I agree on the LuxV situation and have designed a reflector to deal with that, but havn't had the time or the need to build a prototype. The solution i came up with is a brute force simple concept based on real life experiments..

Take 4 1/4 parabolas and set them apart by the distance between the lux dies in the emitter.. so that in effect you have four separate reflectors that have each of the four emitters in focus.. rather than one big reflector that has NONE of the emitters in focus. The donut hole in a LuxV is because the primary focus is on a dark spot.. GIGO..

\
here is a picture of my computer model of said reflector.

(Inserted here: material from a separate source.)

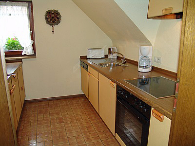Schlafsofa und separater, gut ausgestatteter Küche mit Geschirrspüler
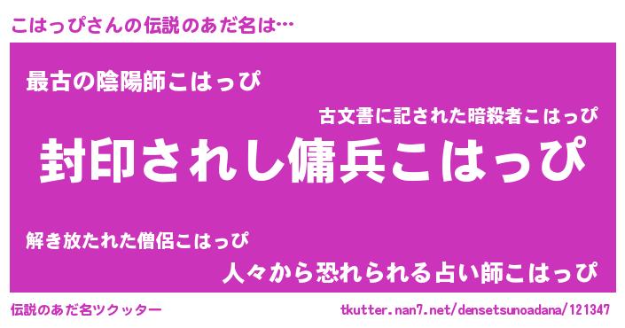 | 胡散臭い通販商品みたいなあだ名 | 『億万長者になれる水晶球…その名も「こはっぴ」』 |

And the top-view of just the top edge.. to show how subtle it is.

My theory goes like this.. the nearest emitter die will get the most light to the near 1/4 reflector.. when looking at a luxV in a reflector it's really clear there are 4 'lobes' of brightness and NOT the circle or torrid of light we see if we look at a lux3 etc.. and.. i'm hoping that bringing each of the 4 dies into actual focus will restore that 'ring of light' we expect to see.. pull that off and the donut will go away. keep a perfectly smooth reflector.

testing this theory requires an IMS 20 and a sharp saw and a lux V of course.

improving on the theory would need 2 or 4 reflectors to have them still touch in the joints.. to replace what is lost by the saw kerf.

a very interesting thought you just brought to my attention regarding the 'non point' situation.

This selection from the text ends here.